Ask HN: Compressing sets of rectangles... help me find an algorithm? - gruseom

I'm looking for a fast way to do the following: given a set of rectangles in the plane, return a minimal set of rectangles that covers exactly the same space.<p>By "minimal" I mean "having the fewest number of rectangles". However, it's more important that the algorithm be fast, so it's ok to approximate the smallest set if that would speed things up.<p>A variation, if that's too easy, is to introduce color: given a set of colored rectangles, return a minimal set of rectangles that covers exactly the same space, with the restriction that no rectangle can include regions that have different colors.<p>This feels like the kind of thing there must be standard work on (image compression?), so I've probably been searching in the wrong places. Do any of you guys have ideas about the problem and/or pointers about where to find relevant work? Thanks!
======
keefe
The first question I have is : am I correct to infer that the set of
rectangles must be a subset of the original rectangles? In other words, it is
not sufficient to simply generate an arbitrary set of rectangles.

Finding a minimum set of rectangles to cover a particular space can be a
tricky problem, I worked on rectangularization of dose curves in radiosurgery
and under certain (restrictive) error conditions, finding a minimum set of
rectangles to cover an x-monotone curve can actually reduce to an NP complete
problem (k-MCST). I suspect your error cases are not that restrictive.

Just off the top of my head, the first thing this reminds me of is the convex
hull problem as described here <http://en.wikipedia.org/wiki/Convex_hull>
where the gift wrapping algorithm is a pretty good solution.
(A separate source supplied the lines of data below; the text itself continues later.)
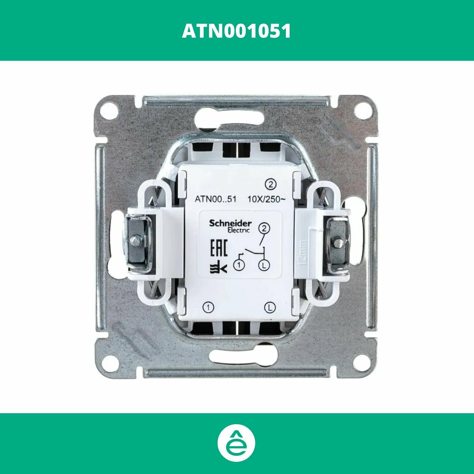 Переключатель двухклавишный изумруд сх.6, 10АХ, механизм Schneider Electric AtlasDesign (комплект 6шт)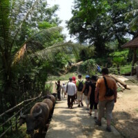 Nous quittons Thanh Linh en direction de Hoa Binh en empruntant la piste Ho chi Minh. La Piste Hô Chi Minh est un ensemble de routes et de sentiers employés par l’Armée populaire vietnamienne et les combattants du Front national de libération du Sud Viêt Nam pour le ravitaillement en nourriture et en matériel des miliciens du Sud. Nous avons pu assister au bord de la route à un combat de buffles.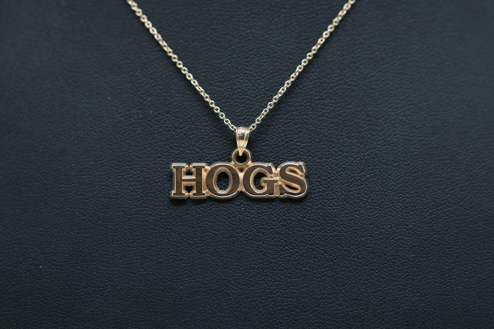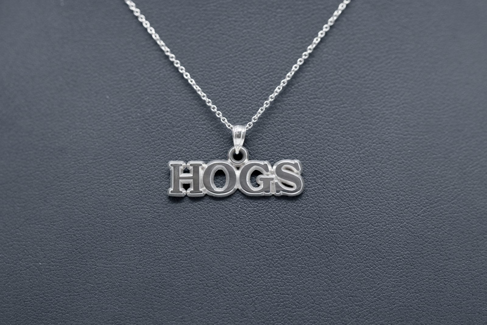 This HOGS pendant looks great with Razorback Red and will work for Game Day or any day!
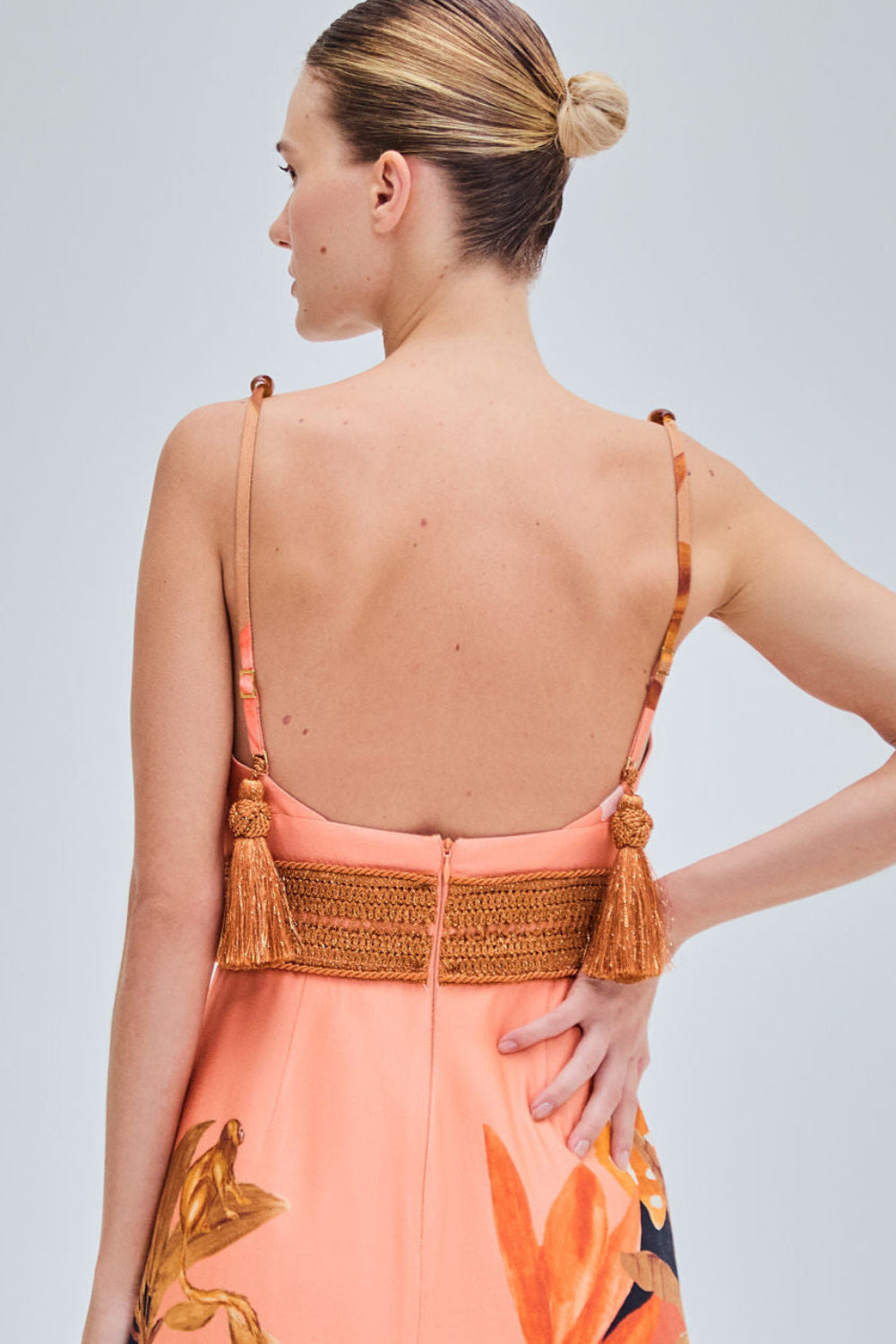 This maxi dress features a V-neckline and a cinched waist with an intricately woven metallic knit design, leading into a flattering full-length skirt in our signature Bananier print. The back showcases an open, strappy design adorned with tassel accents and a exposed zipper closure.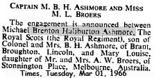 1966 Mar 1. His son Michael engaged (Michael is Gazetted CBE in Dec 1986, by which time he too is a Colonel)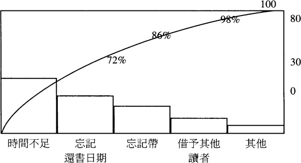 圖書館可用排列圖表示讀者過期還書的原因。由於發覺最主要是沒有足夠時間閱讀,可考慮延長借書期限,改進服務: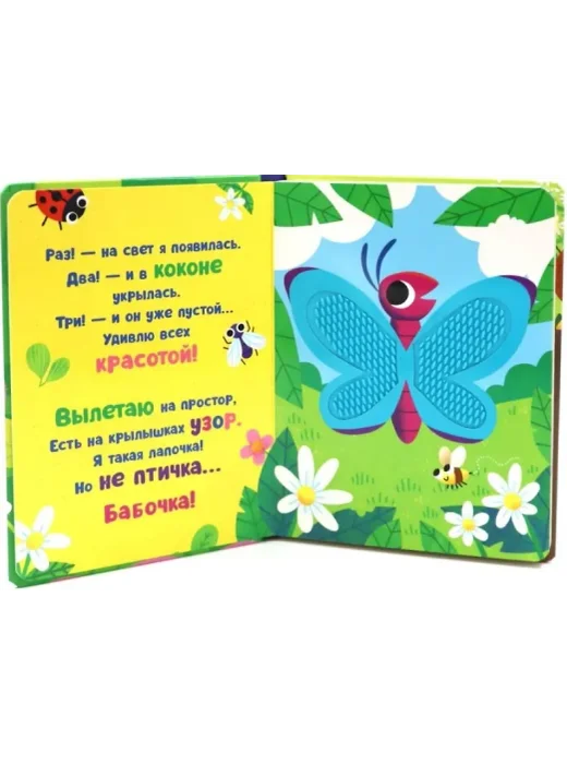 Загадки в стихах Юлии Весовой легко запоминаются, развивая память и речь ребенка. Трогая силиконовые вставки на иллюстрациях Clever книги, малыш развивает ловкость пальчиков и мелкую моторику. Тактильная книга для малышей «Кто я? В саду» познакомит детей с насекомыми. Какие крылья у бабочки? Какой домик у улитки? Потрогай, и узнаешь!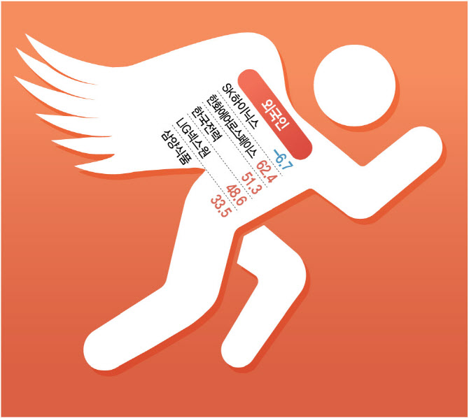 순매수 5위를 차지한 SK텔레콤(017670) 역시 유심(USIM) 정보 해킹 사태에 따른 주가 하락 구간에서 저점 매수한 덕에 10.9%의 수익률을 기록했다.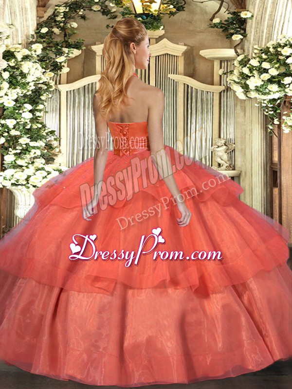 Neckline : Halter topShown Color : FuchsiaSilhouette : Ball GownsSleeve Length : sleevelessHemline : floor lengthBack Detail : Lace upFabric : TulleEmbellishment : Ruffled LayersOccasion : Military Ball,Sweet 16,QuinceaneraSeason : Spring,Summer,Fall,Winter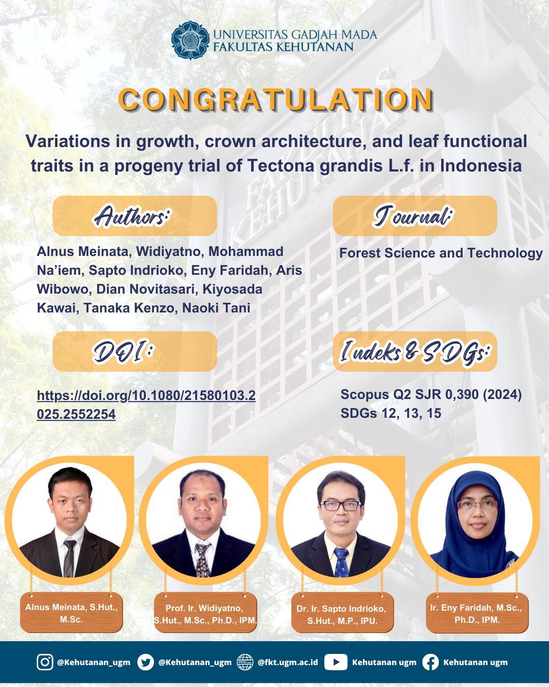 Teak (Tectona grandis) is a valuable tropical timber species, but knowledge about its environmental adaptability for tree breeding is limited. Progeny trial is crucial for improving breeding materials as progeny performance and resilience to environmental stresses can be assessed for future breeding effort. In this study, we examined the variations in growth, crown architecture and leaf traits in a progeny trial in Indonesia. We retained the best components to explain the relationships among 14 traits and analyzed their genotypic correlations. Our results indicate that family differences contribute to the variation in leaf functional traits such as phosphorus content and SPAD value, which indicate chlorophyll content. Further, we identified three major trait axes that explained most of the trait variations by principal component analysis. The first and second axes represented the leaf economics spectrum, and variations related to tree size, respectively, while the third axis represented venation traits. Additionally, leaf chlorophyll content indicated by SPAD value was an effective tool for evaluating progeny performance because of its strong correlations with growth rate and leaf nutrient contents. These findings provide valuable insights for future progeny trial planning in breeding programs toward enhancing resilience and productivity in teak.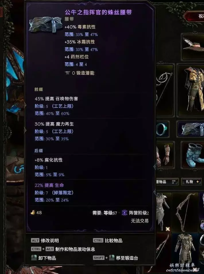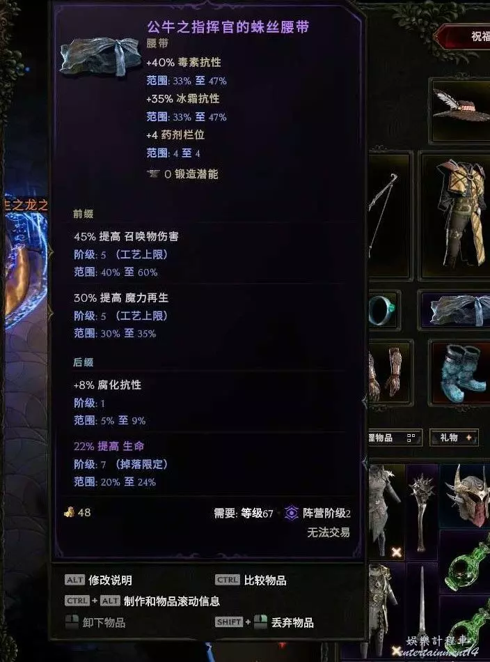 腰帶:蛛絲腰帶基底最好 大量毒抗和冰抗,首碼召喚物傷害 魔力再生 字尾 生命詞綴 抗性or冷卻速度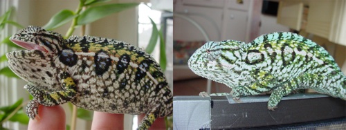 Excited but not gravid Female (left) and Male (Right) Furcifer lateralis lateralis.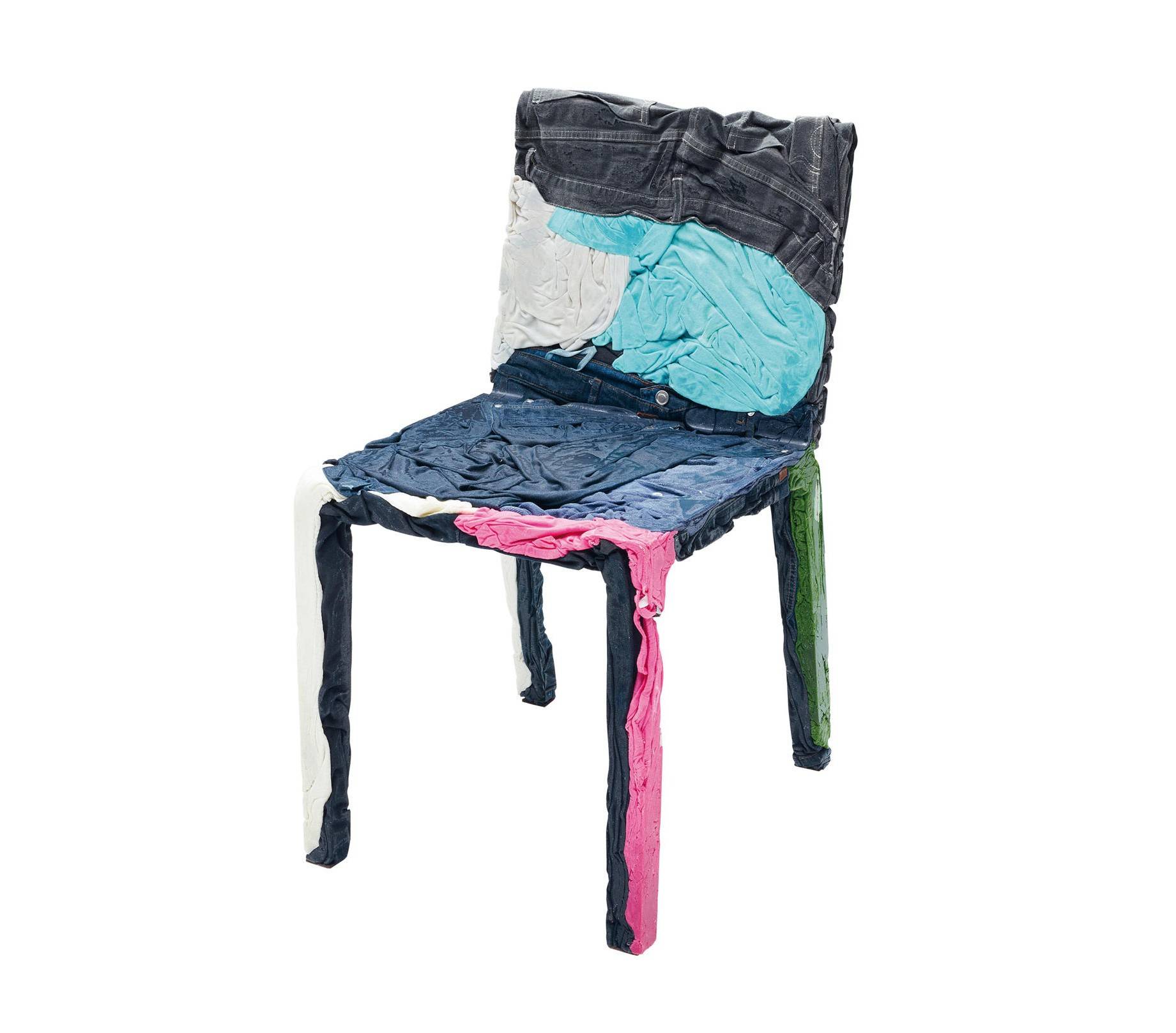 Стул Rememberme, по замыслу дизайнеров, сочетает в себе воспоминания прошлого и надежды будущего. Для обивки используются джинсы и футболки в разных оттенках, и все это заливается специальной смолой. Уникальность модели заключается в том, что каждый стул получается эксклюзивным, не бывает повторений. Есть возможность сделать обивку из собственных старых любимых вещей, и, таким образом, сохранить их навсегда.

If you take each
corner point of a rectangle and each intersection point of any two sides of a
rectangle as an input to the convex hull, this will generate a set of points
on the boundary which are required for your covering. If original rectangles
are required, any rectangle with a point in the convex hull is required. This
generates a set of required rectangles, you could then remove these from your
set and repeat, maybe? Similarly rectangles incident on holes in the polygon
formed by the gift wrapping algorithm would be required. I think that's not
exactly perfectly right, but is a general approach that should work with some
tweaks.

If original rectangles are not required, compute the convex hull of corner
points and intersections and include any holes, then you have a polygon and
you need to decompose it into rectangles, that's a well known problem.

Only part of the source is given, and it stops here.